Problem statement
Please return all lines from the records below that include the string "Kuliner".

Exercise input
····················
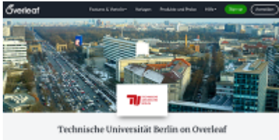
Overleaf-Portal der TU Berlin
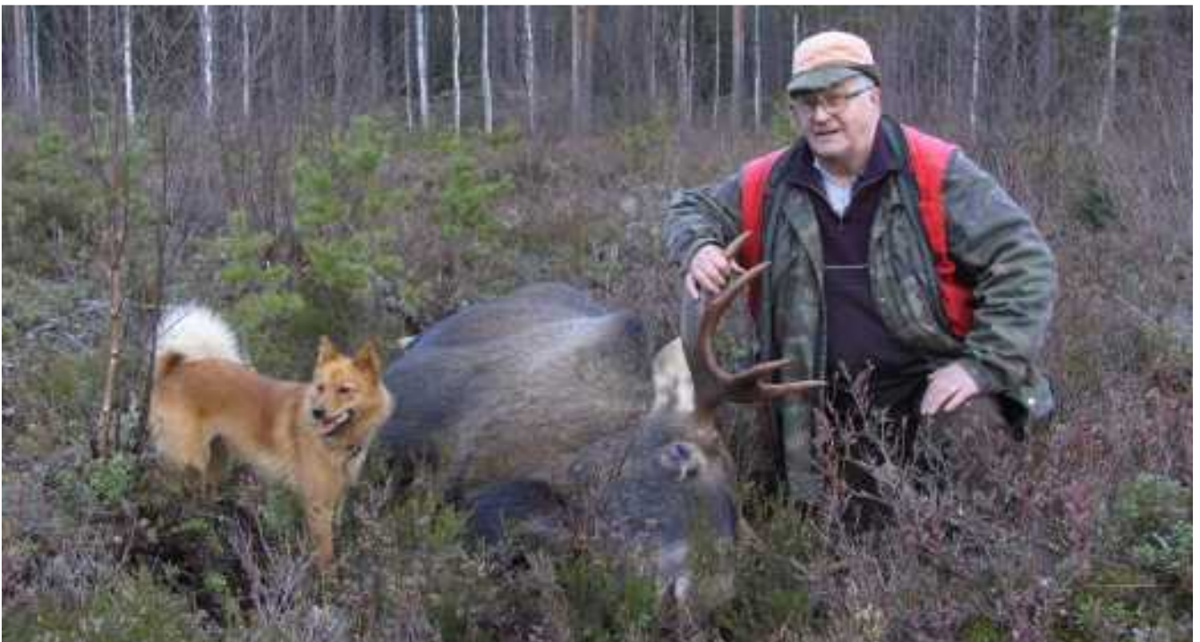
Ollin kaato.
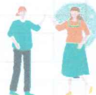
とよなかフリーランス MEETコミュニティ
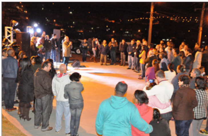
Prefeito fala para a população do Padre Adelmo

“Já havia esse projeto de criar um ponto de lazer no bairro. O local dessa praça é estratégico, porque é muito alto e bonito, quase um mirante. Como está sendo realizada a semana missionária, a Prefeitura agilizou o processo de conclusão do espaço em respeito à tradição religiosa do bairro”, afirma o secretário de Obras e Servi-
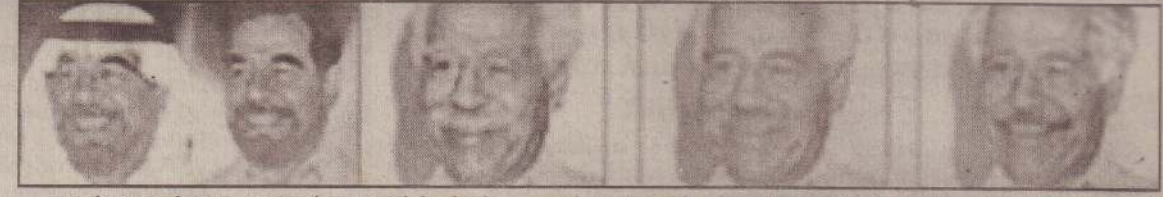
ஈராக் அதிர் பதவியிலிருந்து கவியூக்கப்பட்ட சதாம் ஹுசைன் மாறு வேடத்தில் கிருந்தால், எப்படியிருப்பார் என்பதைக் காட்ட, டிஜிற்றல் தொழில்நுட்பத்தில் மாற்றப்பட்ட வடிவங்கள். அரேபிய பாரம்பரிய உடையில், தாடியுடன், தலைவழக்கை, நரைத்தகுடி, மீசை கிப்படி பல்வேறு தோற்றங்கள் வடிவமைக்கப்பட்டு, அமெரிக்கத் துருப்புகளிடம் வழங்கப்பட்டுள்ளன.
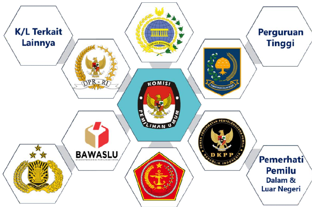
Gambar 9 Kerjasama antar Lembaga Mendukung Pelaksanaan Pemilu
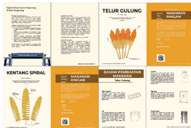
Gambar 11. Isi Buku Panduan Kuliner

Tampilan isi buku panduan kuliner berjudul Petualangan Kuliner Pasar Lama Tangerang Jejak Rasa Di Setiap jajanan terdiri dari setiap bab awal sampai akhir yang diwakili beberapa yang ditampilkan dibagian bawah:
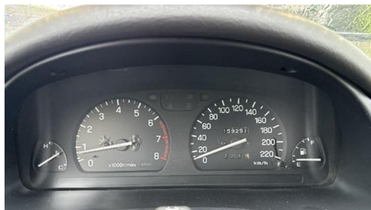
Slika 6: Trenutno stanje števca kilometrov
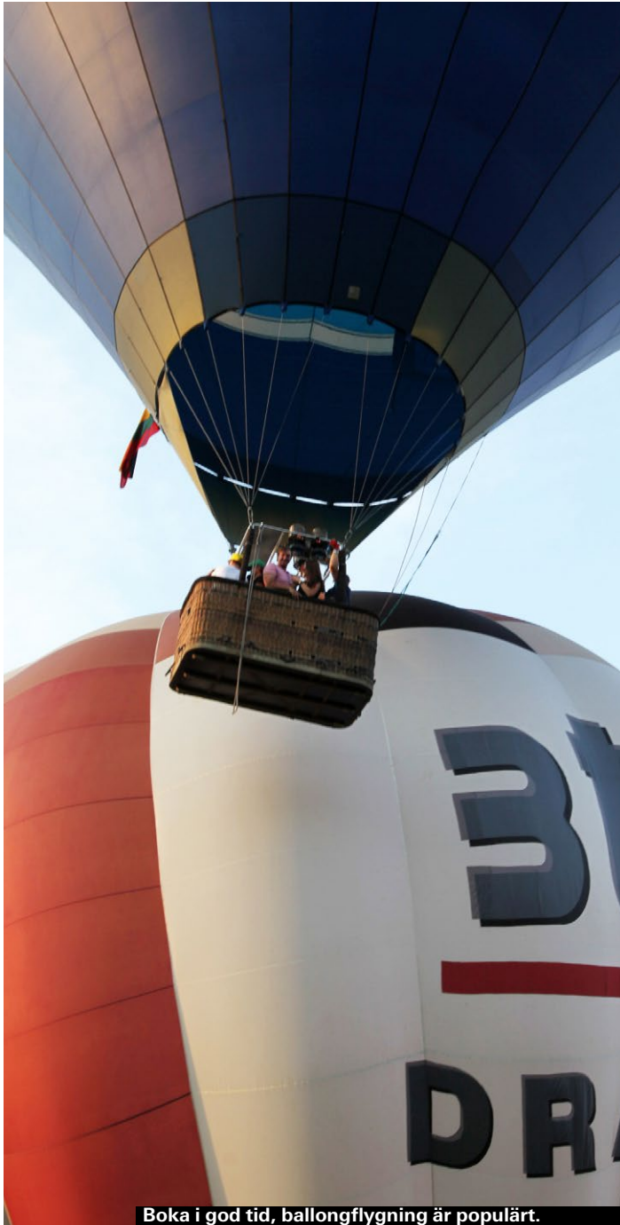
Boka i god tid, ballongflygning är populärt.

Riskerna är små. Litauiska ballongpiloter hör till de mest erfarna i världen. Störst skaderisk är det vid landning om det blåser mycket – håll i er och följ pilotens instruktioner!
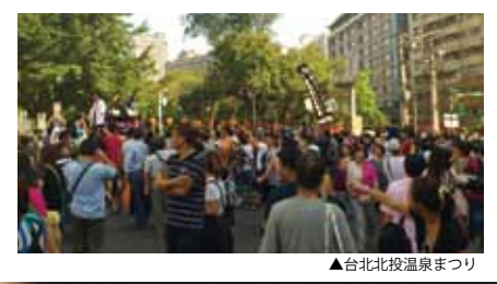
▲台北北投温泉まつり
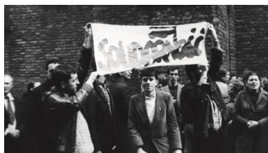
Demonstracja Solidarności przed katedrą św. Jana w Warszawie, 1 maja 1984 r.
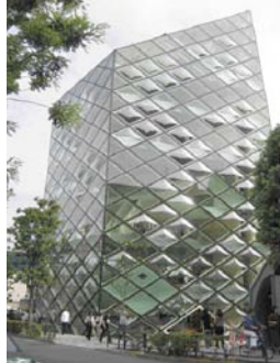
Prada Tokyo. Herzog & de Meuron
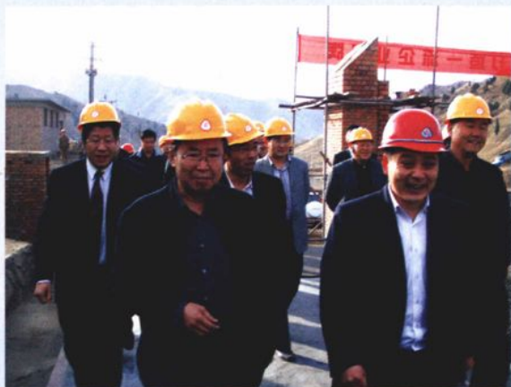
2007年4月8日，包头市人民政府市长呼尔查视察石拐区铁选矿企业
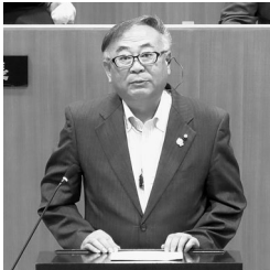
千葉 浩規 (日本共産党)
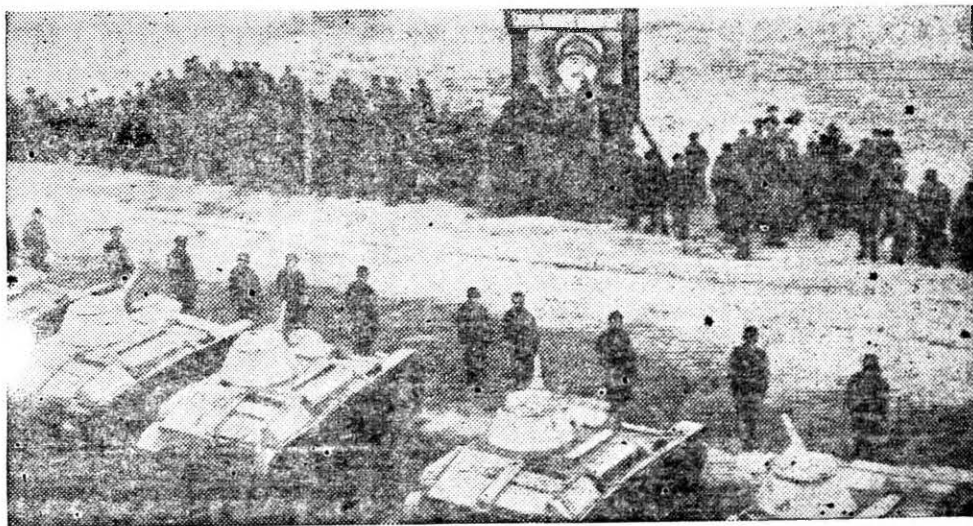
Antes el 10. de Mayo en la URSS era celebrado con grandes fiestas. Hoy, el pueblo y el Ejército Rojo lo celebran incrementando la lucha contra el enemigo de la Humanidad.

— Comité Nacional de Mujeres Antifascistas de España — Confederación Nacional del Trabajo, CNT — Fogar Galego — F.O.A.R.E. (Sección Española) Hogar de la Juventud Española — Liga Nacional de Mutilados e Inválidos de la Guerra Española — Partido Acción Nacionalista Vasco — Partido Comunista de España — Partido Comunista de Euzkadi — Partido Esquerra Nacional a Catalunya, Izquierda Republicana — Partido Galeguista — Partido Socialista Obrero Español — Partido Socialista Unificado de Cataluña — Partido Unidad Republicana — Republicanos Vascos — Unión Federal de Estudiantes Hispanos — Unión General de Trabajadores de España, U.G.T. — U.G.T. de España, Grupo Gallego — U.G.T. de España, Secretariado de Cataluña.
····················
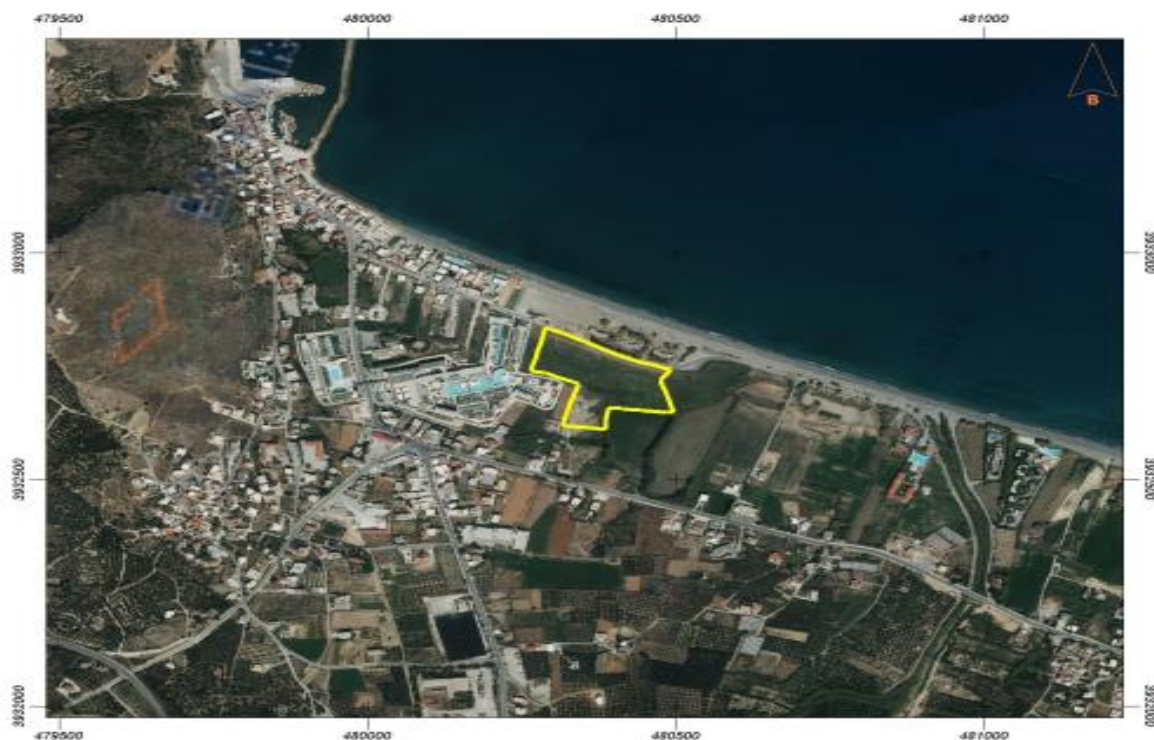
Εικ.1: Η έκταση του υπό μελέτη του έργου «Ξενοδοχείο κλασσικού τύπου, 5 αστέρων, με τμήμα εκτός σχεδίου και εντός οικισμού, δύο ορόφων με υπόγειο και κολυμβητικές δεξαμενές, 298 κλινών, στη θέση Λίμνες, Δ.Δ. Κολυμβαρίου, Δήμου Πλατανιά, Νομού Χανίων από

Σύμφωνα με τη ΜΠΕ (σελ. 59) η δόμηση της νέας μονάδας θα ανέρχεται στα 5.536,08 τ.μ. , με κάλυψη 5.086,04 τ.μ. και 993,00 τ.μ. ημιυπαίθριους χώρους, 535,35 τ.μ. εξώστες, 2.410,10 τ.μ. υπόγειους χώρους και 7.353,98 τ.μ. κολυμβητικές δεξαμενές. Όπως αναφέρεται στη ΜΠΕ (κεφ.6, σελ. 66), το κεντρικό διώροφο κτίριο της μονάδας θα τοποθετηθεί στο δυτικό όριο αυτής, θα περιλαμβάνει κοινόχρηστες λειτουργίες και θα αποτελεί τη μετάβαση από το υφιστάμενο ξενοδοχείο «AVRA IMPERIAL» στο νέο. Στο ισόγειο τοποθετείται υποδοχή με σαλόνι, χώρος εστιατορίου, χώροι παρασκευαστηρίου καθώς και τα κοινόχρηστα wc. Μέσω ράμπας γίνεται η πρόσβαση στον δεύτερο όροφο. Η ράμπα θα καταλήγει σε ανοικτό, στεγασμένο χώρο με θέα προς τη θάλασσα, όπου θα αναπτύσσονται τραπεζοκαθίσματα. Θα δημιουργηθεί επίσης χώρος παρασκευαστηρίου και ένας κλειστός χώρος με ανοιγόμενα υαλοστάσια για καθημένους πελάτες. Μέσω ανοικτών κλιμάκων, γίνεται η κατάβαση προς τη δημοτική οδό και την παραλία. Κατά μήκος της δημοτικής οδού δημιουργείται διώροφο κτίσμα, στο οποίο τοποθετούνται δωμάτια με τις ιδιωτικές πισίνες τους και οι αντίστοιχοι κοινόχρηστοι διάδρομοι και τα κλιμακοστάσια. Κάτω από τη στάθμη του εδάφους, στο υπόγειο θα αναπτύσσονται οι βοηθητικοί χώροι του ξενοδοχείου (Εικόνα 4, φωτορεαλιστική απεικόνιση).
····················
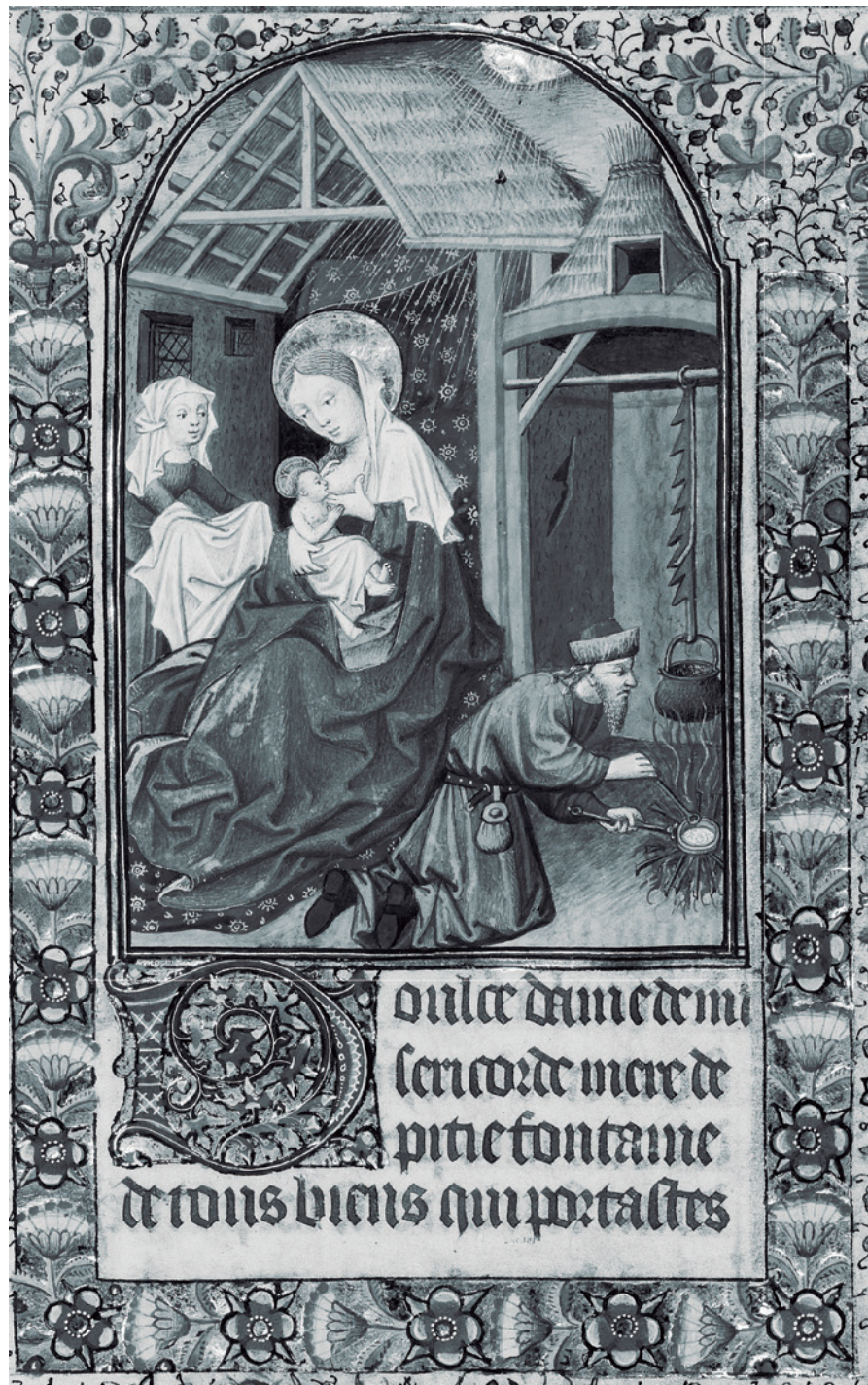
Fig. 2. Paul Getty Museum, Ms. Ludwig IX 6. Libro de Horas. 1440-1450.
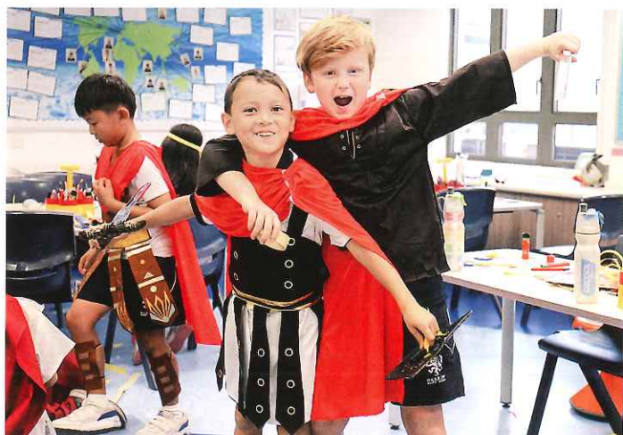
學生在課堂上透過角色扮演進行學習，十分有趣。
····················
Task result
Gambar 11. Isi Buku Panduan Kuliner
Tampilan isi buku panduan kuliner berjudul Petualangan Kuliner Pasar Lama Tangerang Jejak Rasa Di Setiap jajanan terdiri dari setiap bab awal sampai akhir yang diwakili beberapa yang ditampilkan dibagian bawah:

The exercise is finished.